Человек просто шёл сквозь лес…
И вдруг на маленькой лесной полянке он увидел берёзку. Берёзка стояла как раз посреди полянки, она была красивая и печальная. И ещё… беззащитная, такая беззащитная, что у человека как-то странно и тревожно защемило на сердце.
Человек подошёл к берёзке, остановился подле неё и некоторое время молча рассматривал растрёпанные жёлтые кудри, мокрые от ненастья.
— Здравствуй, берёзка! — проговорил, наконец, человек.
— Здравствуй! — отозвалась берёзка.
И человек почему-то совершенно не удивился этому. Он лишь вздохнул и осторожно провёл озябшими пальцами по белой прозрачной коре.
— Тебе не холодно? — спросил человек.
— Мне не бывает холодно, — ответила берёзка. — Мне бывает грустно.
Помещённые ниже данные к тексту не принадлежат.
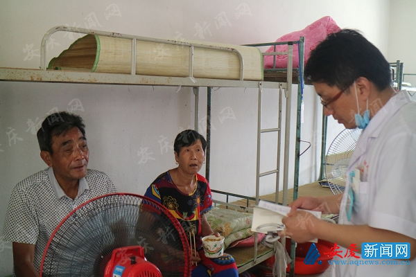 在躺椅上凑合了一夜的谭玉林,一早又打起精神迎接着前来就诊的病人。7月12日上午,在桐城市天城中学安置点,安庆晚报记者见到了安庆市红十字博爱医院志愿者医疗队的队长谭玉林和其他4名队员。作为全省唯一一支志愿者医疗队,也是我市唯一一支长期驻点的医疗队伍,安庆市红十字博爱医院志愿者医疗队的这5名队员,已经在此坚守了10天。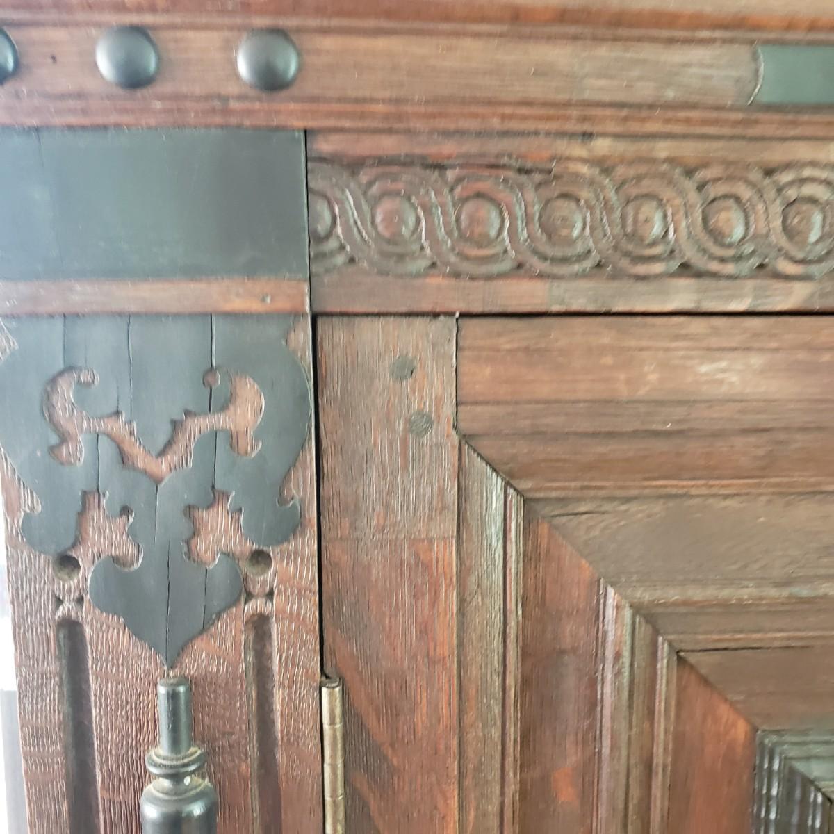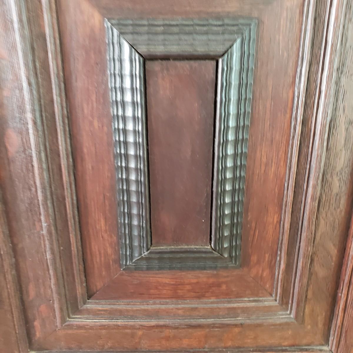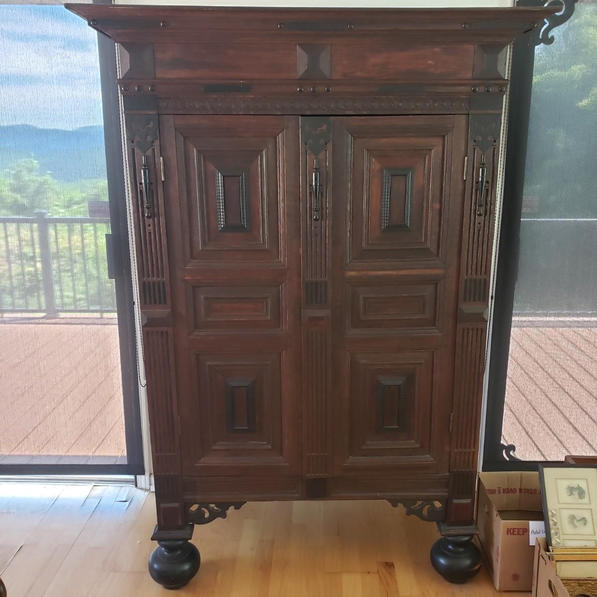 This fine crafted cabinet measures 41" x 22" x 70"H. The doors each have locking mechanism on them. note photographs of joint in drawer. Square ornament above doors is wood. There is no key. There is a drawer inside that measures 22" x 3". The latch with the hidden keyhole once closed is hard to open, take note when closing it.

— Мне тоже бывает грустно, — сказал человек. — Вот и сейчас мне грустно, сам не знаю почему.
— Тебе и в самом деле сейчас грустно, — сказала берёзка. — Я это ощущаю. Но твоя грусть пройдёт и уже скоро…
И они замолчали… а сверху вновь набежала очередная осенняя тучка, и вновь принялся сыпать сверху мелкий и надоедливый осенний дождик. И человек невольно поправил воротник куртки и тоскливо, без всякой надежды посмотрел на низкое свинцовое небо над головой.
— Я приду завтра! — сказал он. — Я обязательно приду завтра!
— Буду ждать, — ответила берёзка. — Даже если ты не придёшь завтра, я всё равно буду ждать!
— Я приду! — сказал человек и ушёл.
А ночью ему снился сон. Странный, удивительный сон, так не похожий на все прежние его сны…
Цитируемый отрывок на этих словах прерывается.